CRÔNICAS

Loucos e açougueiros da alma no mercado da saúde

Em: 17 de Dezembro de 2017 Visualizações: 6237
Loucos e açougueiros da alma no mercado da saúde

“Não há esperança. Só há luta permanente. É essa a nossa esperança”.

(David Cooper – A Linguagem da Loucura – 1978, p.13).

Na tenebrosa noite em que o país mergulhou, nem a loucura está a salvo da ofensiva obscurantista que invade todos os campos da vida social. Agora, o mercado da saúde no Brasil ressuscita os açougueiros da alma.

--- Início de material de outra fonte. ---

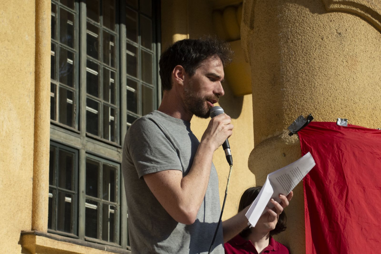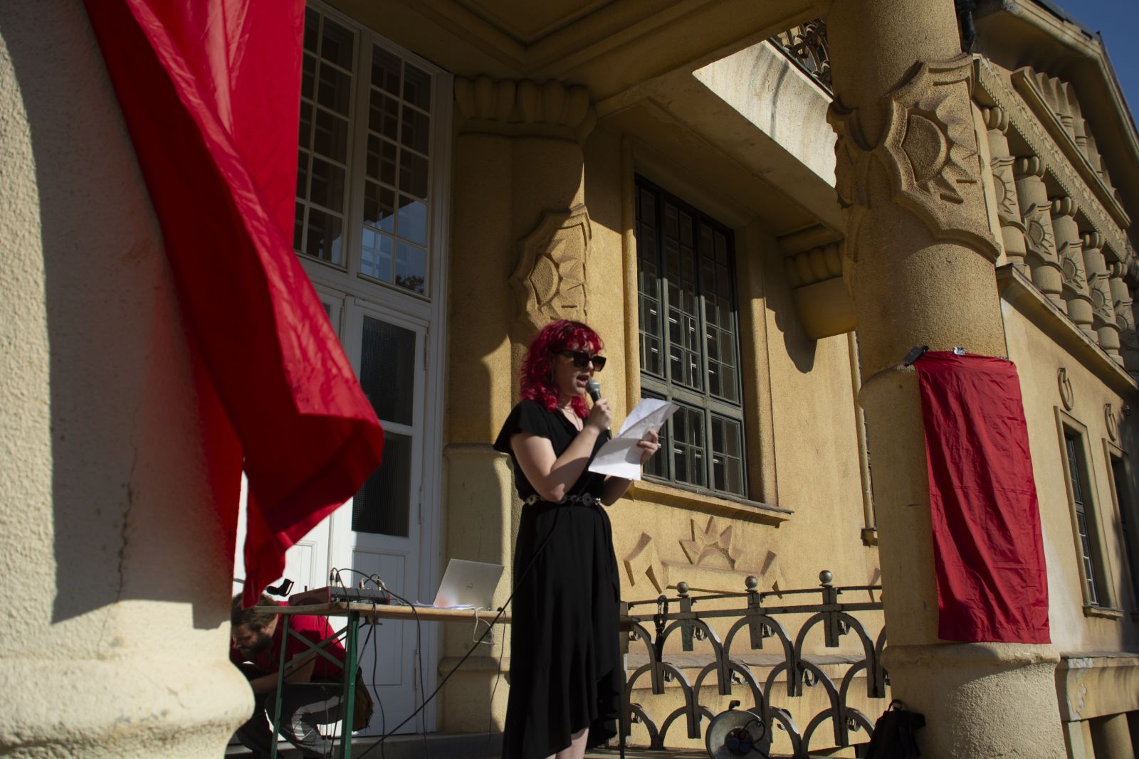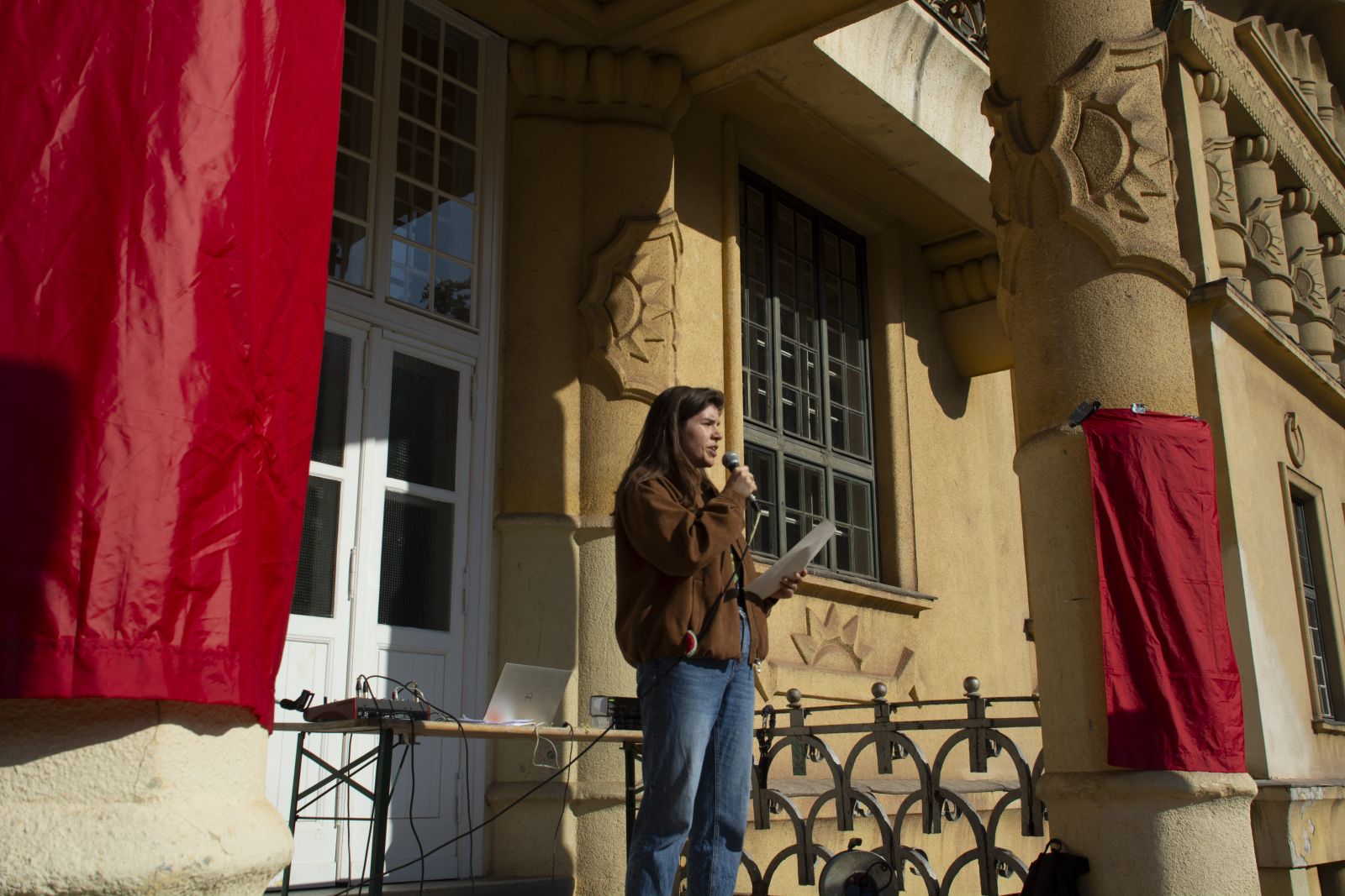 Ustvarjanje transparentov na študentskem pikniku v parku Tabor v Ljubljani
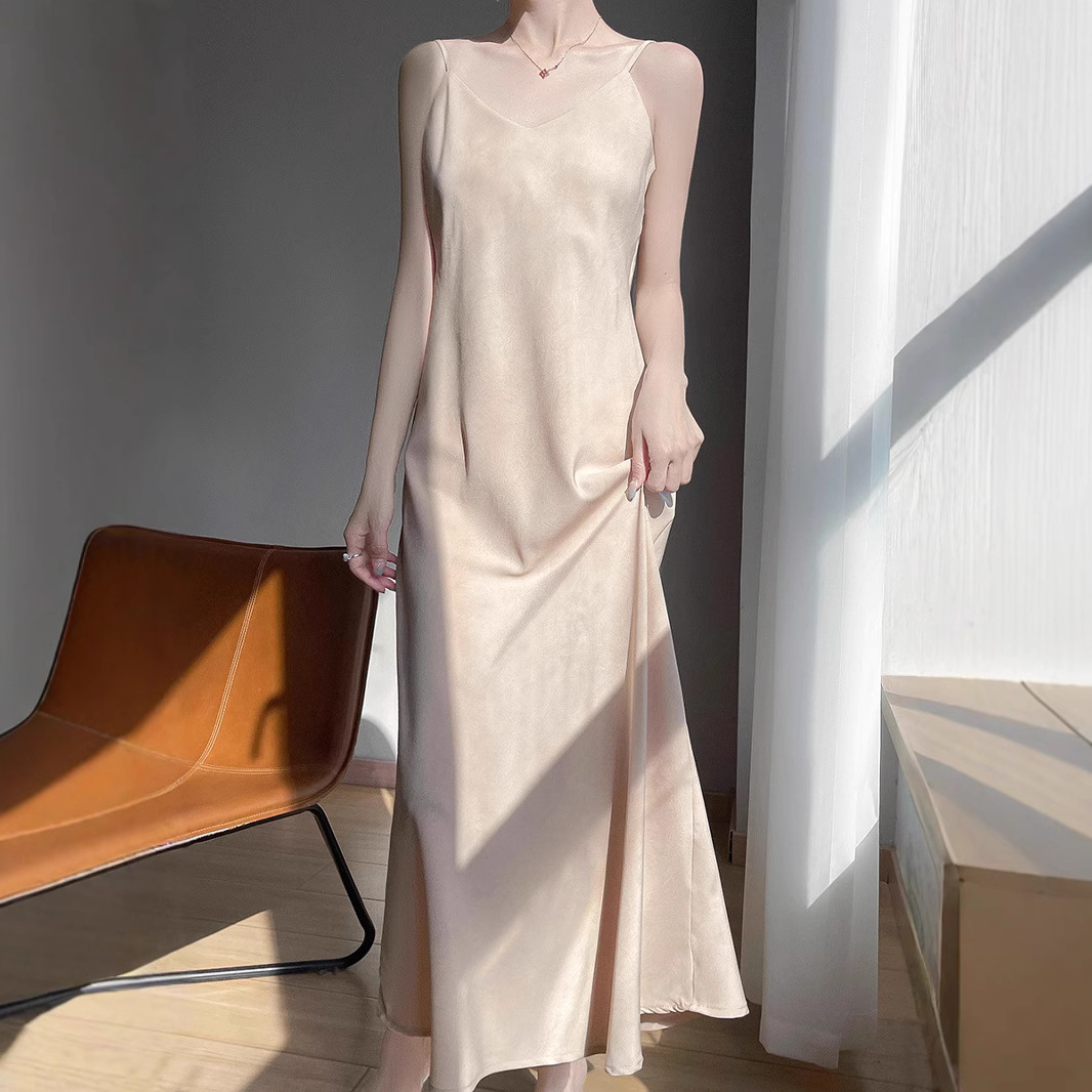 2025年フランス百合女性酢酸ストラップワンピース手掴み花vネックストラップスカートサテンロングスカート卸売り
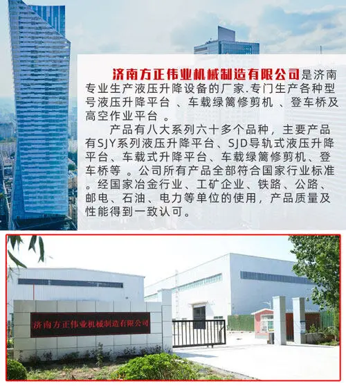 濟南盈真机电制造股份有限公司 是專(zhuan)業生産液(ye)壓升降設(she)備的廠家(jia),17 年專注升(sheng)降機🔴生🚶産(chan)研發制造(zao),專門生産(chan)各種型号(hao)液壓升降(jiang)平台、升降(jiang)機、簡易升(sheng)降機、車載(zai)🧑🏾🤝🧑🏼綠籬修剪(jian)機、登車橋(qiao)及高空作(zuo)業🏃🏻♂️平台。
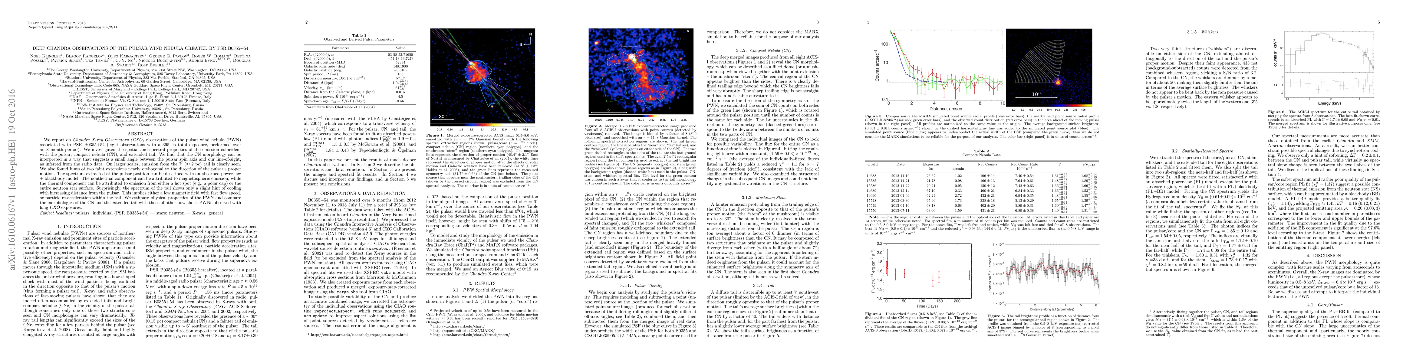 We report on Chandra X-ray Observatory (CXO) observations of the pulsar wind nebula (PWN) associated with PSR B0355+54 (eight observations with a 395 ks total exposure, performed over an 8 month period). We investigated the spatial and spectral properties of the emission coincident with the pulsar, compact nebula (CN), and extended tail. We find that the CN morphology can be interpreted in a way that suggests a small angle between the pulsar spin axis and our line-of-sight, as inferred from the radio data. On larger scales, emission from the 7' (2 pc) tail is clearly seen. We also found hints of two faint extensions nearly orthogonal to the direction of the pulsar's proper motion. The spectrum extracted at the pulsar position can be described with an absorbed power-law + blackbody model. The nonthermal component can be attributed to magnetospheric emission, while the thermal component can be attributed to emission from either a hot spot (e.g., a polar cap) or the entire neutron star surface. Surprisingly, the spectrum of the tail shows only a slight hint of cooling with increasing distance from the pulsar. This implies either a low magnetic field with fast flow speed, or particle re-acceleration within the tail. We estimate physical properties of the PWN and compare the morphologies of the CN and the extended tail with those of other bow shock PWNe observed with long CXO exposures.
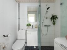- Varusteet: suihkuseinä, pesukoneliitäntä, WC, suihku, peilikaappi. Kylpyhuone uusittu kokonaisuudessaan 04-06/2023
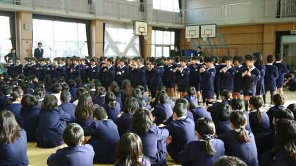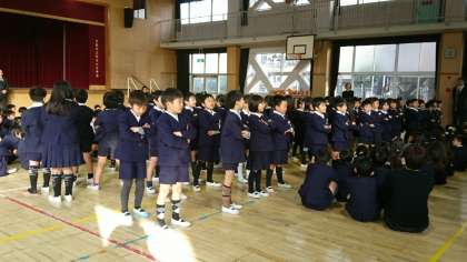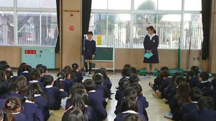 終業式で、1年生と6年生が、2学期の思い出やがんばったことについて発表しました。
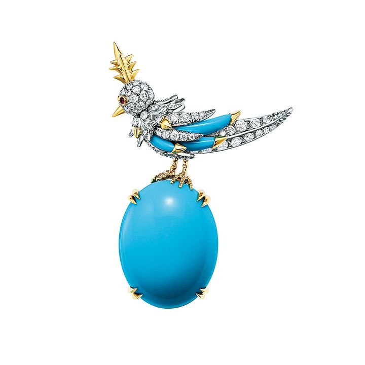 “バード オン ア ロック by ティファニー”ブローチ[Pt×YG×ダイヤモンド×ターコイズ×ルビー]¥15,950,000[参考価格](Tiffany&Co./ティファニー・アンド・カンパニ・ジャパン・インク) Hearst Owned
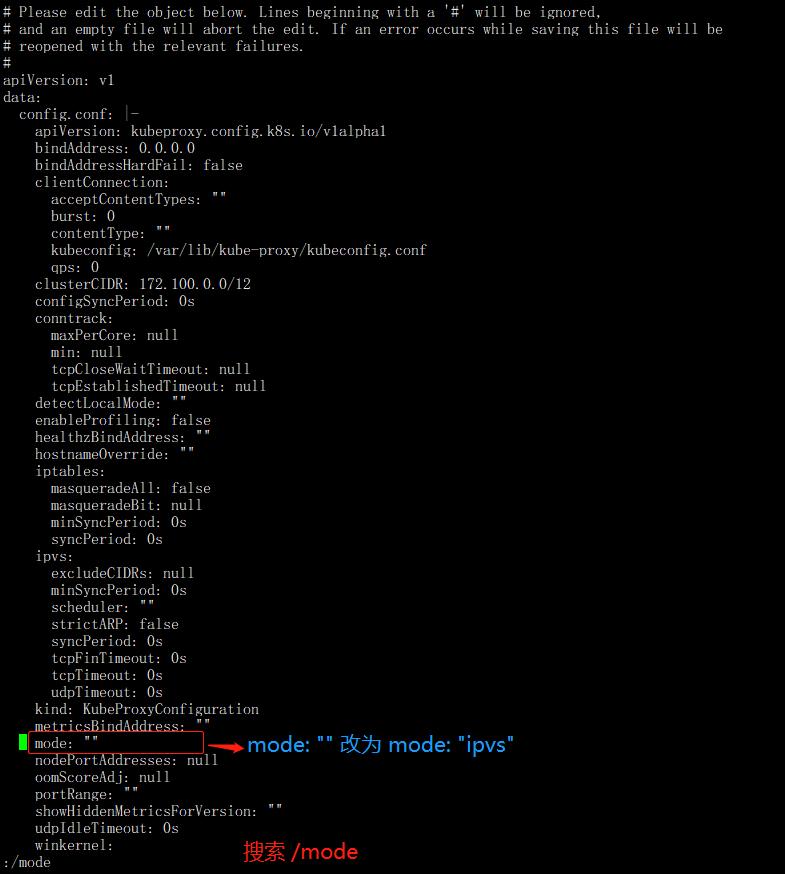 kubectl edit cm kube-proxy -n kube-system
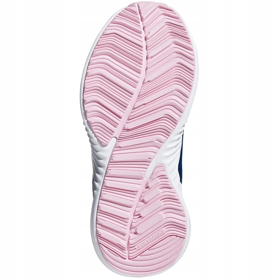 Moderne Adidas Forarun X -Schuhe (Modell D96948) in einem dunkelblauen Farbton mit rosa Akzenten ist ein Vorschlag für Frauen und Jugendliche, die nach leichten, atmungsaktiven Stadtschuhen suchen. Das Obermaterial mit einem atmungsaktiven Netz lüftet während der Aktivität belüftet, und die klassische Schnürung garantiert einige Anpassungen.

Uma simples portaria do Ministério da Saúde, segundo revela a Folha de SP, quer fazer um grande negócio internando pacientes com transtorno mental, o que contraria a lei da reforma psiquiátrica de 2001 e a política de Estado que começou a ser implantada nos últimos trinta anos com o endosso da Organização Mundial da Saúde (OMS).

O retrocesso é tão grande que não será surpresa se o Congresso Nacional revalidar o direito feudal da pernada concedendo aos empresários o jus primae noctis com a noiva de seus trabalhadores, ou se o ministro da saúde, Ricardo Barros (PP vixe vixe), condecorar o fascista Egas Moniz, aquele neurologista português que inventou a lobotomia – uma técnica cirúrgica criada em 1935 para transformar em “vegetal” quem apresentar sintomas de patologia psiquiátrica, seja lá o que isso signifique. E isso não é piada.   

Nesse andar da carruagem, o ministro é capaz de importar dos Estados Unidos o lobotomóvel - unidade móvel que nos anos 1940 percorria aquele país, mutilando as pessoas classificadas como loucos, homossexuais, esquizofrênicos ou quem sofria de ansiedade, insônia, depressão e até crianças acusadas de mau comportamento. Vários filmes exploraram ficcionalmente o tema, entre os quais “Um Estranho no Ninho” com Jack Nicholson e “Stars in My Pocket Like Grains of Sand” no qual o personagem é lobotomizado para aceitar docilmente sua condição de escravo.

Envelhecendo o cérebro

David Cooper, teórico do movimento da anti-psiquiatria que questiona o conceito de alienação mental, conta que num hospital da Inglaterra onde ele trabalhou, um psiquiatra famoso sonhava com uma droga capaz de envelhecer o cérebro, sob a justificativa de que pessoas com o cérebro envelhecido deixavam de encher o saco dos outros. “Os seus desejos foram rapidamente realizados a partir de 1955 com as fenotiazinas (largactil, etc) e depois, mais tarde, com o haloperidol” – escreve ele.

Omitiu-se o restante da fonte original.